## What the task asks
Each line below from the "花恋初语 床笠四件套(被套1件床笠1件枕套2件)(适合1.8米床)【纯棉/蓝】" line through the "Alla fine il" line, those two included, must be restated word for word; the pictures must not be.

## Source records

▶

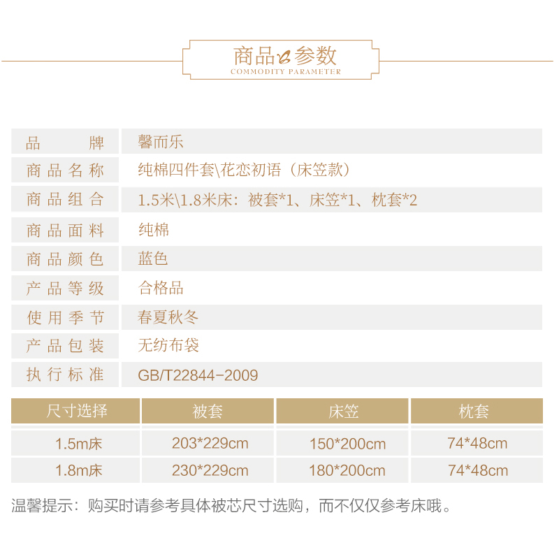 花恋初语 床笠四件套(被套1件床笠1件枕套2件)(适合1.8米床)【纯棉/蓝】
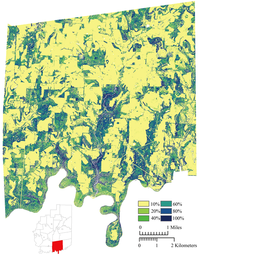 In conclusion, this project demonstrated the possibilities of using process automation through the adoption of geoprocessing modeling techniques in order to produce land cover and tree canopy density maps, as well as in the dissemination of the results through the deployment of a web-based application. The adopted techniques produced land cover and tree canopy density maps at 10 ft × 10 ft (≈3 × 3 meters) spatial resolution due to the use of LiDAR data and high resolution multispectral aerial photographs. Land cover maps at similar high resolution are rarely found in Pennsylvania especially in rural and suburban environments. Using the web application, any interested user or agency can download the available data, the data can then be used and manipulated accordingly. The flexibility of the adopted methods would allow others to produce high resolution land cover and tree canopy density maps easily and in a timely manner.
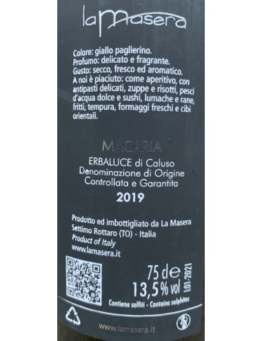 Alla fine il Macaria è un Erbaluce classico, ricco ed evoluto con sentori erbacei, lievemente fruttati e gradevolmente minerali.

◀
▶

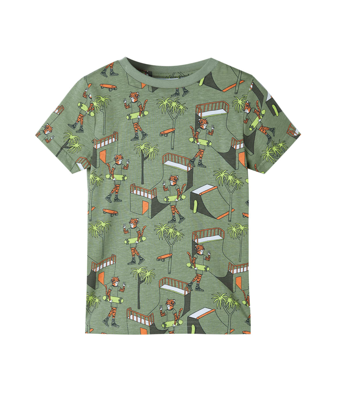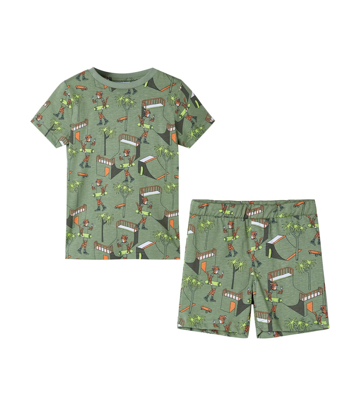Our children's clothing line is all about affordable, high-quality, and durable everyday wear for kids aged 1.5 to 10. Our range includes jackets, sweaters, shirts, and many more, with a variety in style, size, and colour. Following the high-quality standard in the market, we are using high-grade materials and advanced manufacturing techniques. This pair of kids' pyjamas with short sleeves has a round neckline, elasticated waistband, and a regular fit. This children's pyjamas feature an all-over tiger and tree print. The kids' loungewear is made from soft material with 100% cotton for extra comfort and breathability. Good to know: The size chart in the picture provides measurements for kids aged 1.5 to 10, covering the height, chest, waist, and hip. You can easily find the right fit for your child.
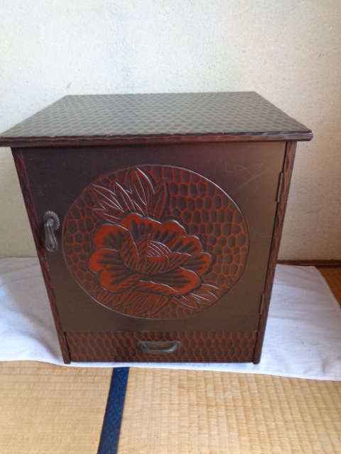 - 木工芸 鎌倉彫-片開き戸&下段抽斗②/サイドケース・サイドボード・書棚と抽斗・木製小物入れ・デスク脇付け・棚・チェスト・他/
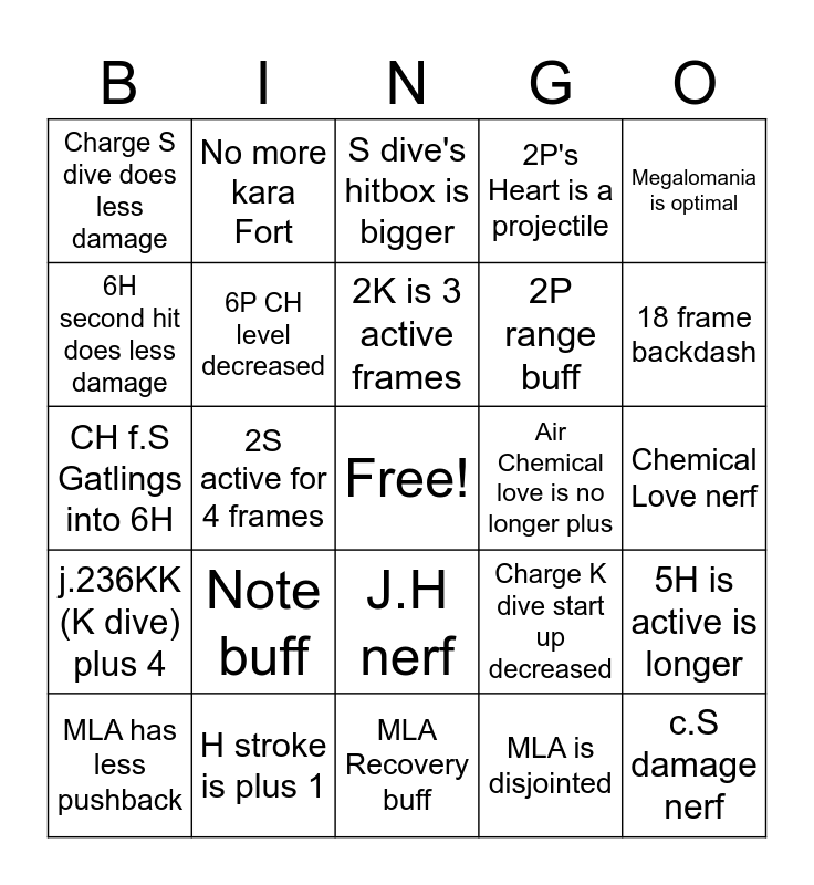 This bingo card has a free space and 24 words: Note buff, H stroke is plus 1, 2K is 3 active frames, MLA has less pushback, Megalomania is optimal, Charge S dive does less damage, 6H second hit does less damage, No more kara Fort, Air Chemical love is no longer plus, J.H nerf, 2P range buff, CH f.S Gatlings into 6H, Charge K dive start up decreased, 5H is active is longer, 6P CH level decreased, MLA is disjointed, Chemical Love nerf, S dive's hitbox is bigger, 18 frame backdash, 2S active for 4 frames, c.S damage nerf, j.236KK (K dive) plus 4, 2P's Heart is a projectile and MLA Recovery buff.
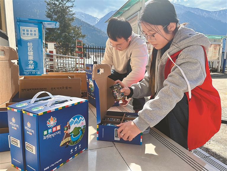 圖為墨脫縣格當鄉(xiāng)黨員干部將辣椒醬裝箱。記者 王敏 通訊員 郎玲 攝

◀

## Result for this exercise
 花恋初语 床笠四件套(被套1件床笠1件枕套2件)(适合1.8米床)【纯棉/蓝】
 In conclusion, this project demonstrated the possibilities of using process automation through the adoption of geoprocessing modeling techniques in order to produce land cover and tree canopy density maps, as well as in the dissemination of the results through the deployment of a web-based application. The adopted techniques produced land cover and tree canopy density maps at 10 ft × 10 ft (≈3 × 3 meters) spatial resolution due to the use of LiDAR data and high resolution multispectral aerial photographs. Land cover maps at similar high resolution are rarely found in Pennsylvania especially in rural and suburban environments. Using the web application, any interested user or agency can download the available data, the data can then be used and manipulated accordingly. The flexibility of the adopted methods would allow others to produce high resolution land cover and tree canopy density maps easily and in a timely manner.
 Alla fine il Macaria è un Erbaluce classico, ricco ed evoluto con sentori erbacei, lievemente fruttati e gradevolmente minerali.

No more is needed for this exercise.